The roar of excitement as you approach Business Row in September elicits an almost visceral reaction for many upperclassmen. We dodge stickers like Keanu Reeves and suddenly have to make important phone calls. These are survival methods that have become muscle memory to many of us. While many facets of student campaigning, in the end, are trivial, 2019’s Miss Ole Miss campaign has demonstrated that the Associated Student Body guidelines can determine the outcome. ASB’s election guidelines forced the Judicial Board to make an example out of a technicality. Instead of focusing on the root problems greek life poses to student elections, we were forced to focus on flowers.
As Liza Boyer said in her letter to the editor, “our job is to make decisions based on how the law is written at that moment in time – not how we want it to be understood at that time.” As a former standards chair for my sorority, I can only imagine that Boyer had the same feeling I had when I addressed members of my organization — but her feeling was magnified across the entire campus. The Judicial Council has no hand in creating the code, but they have to enforce it. Imagine how compromising it is to enforce a code that you don’t fully support. The Judicial Council has taken the brunt of public opinion when it should be on the senate — the body which formulated the code.

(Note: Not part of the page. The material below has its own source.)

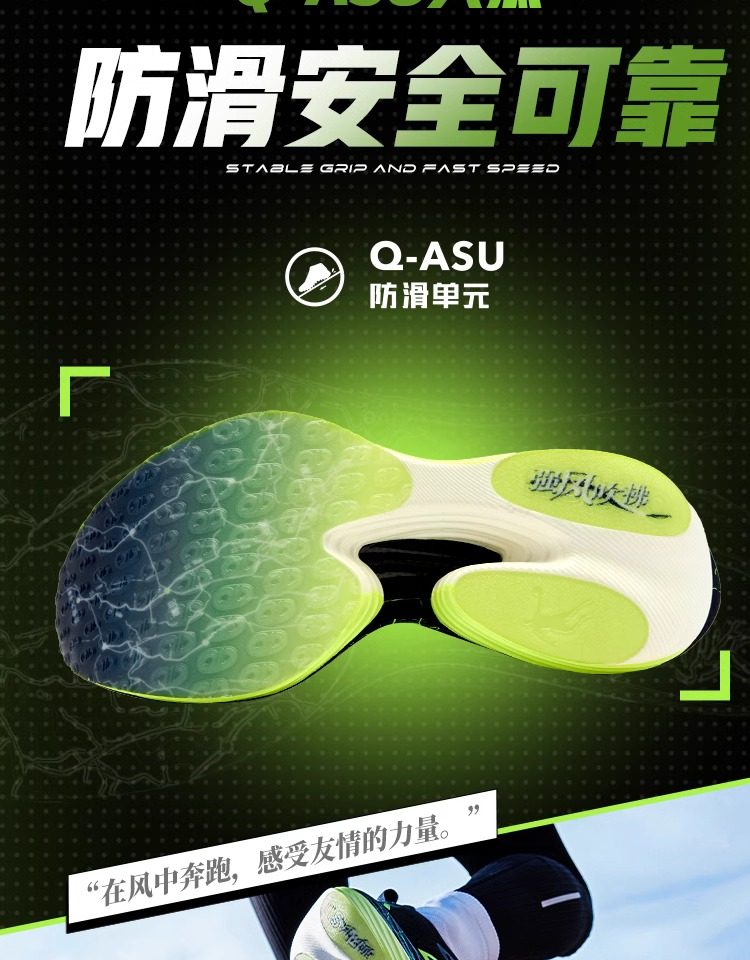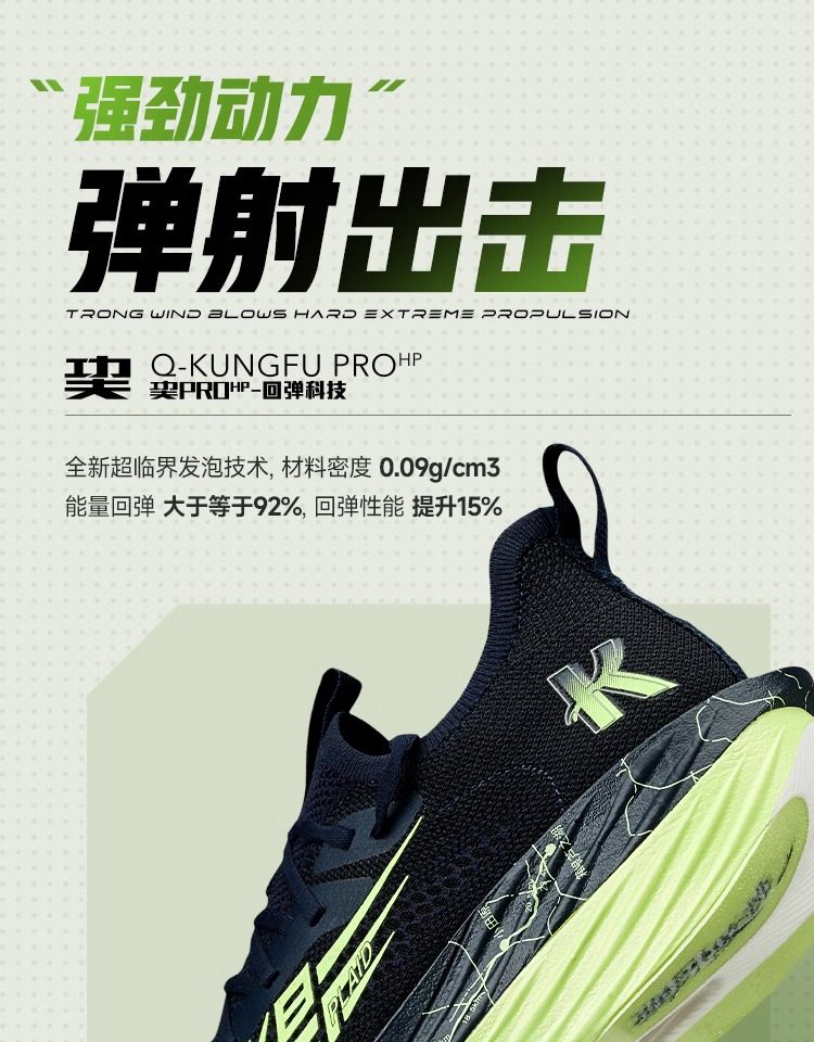 * Midsole: Q-KUNGFU PRO-HP Foam (92% Energy Return)

Election rules are presented and voted on by the ASB Senate and then passed by the president. The rules have undergone many revisions, but the particular section that relates so crucially to this past election was revised in 2018. Last year, the DM reported, “This most recent campaign reform bill aims to curb attempts by candidates, campaign representatives or organizations to ‘coerce, bribe, incentivize, intimidate or force a person to vote or campaign for a specific candidate.’ Violations will result in a major campaign violation for the candidate.”
This bill seems like a good idea. However, its consequences are too far reaching and miss the root cause. We need to ask ourselves why students are driven to such extreme actions in order to win a student personality election.
There is a way to prevent the candidate who received the most votes from being disqualified while still tackling the problematic role Panhellenic organizations play in elections. For a regulation to truly be effective it needs to be preventive instead of reactive. Senator Barron Mayfield said in a quote to the DM about the amended campaign regulation, “Let’s get around the elephant in the room and say that this is pretty much a reaction to the point system used by sororities.” Should Greek life even be allowed to sponsor candidates financially? Probably not. Members of Panhellenic organizations already have an advantage that is nearly impossible for non Panhellenic students to overcome — networking. We need to reduce the campaign budgets, eliminate greek sponsorship and more clearly define the role each player has in a campaign. The ASB cannot keep using band aids to solve issues that need open heart surgery.
Caroline Rose is a senior accounting major from Bluffton, South Carolina.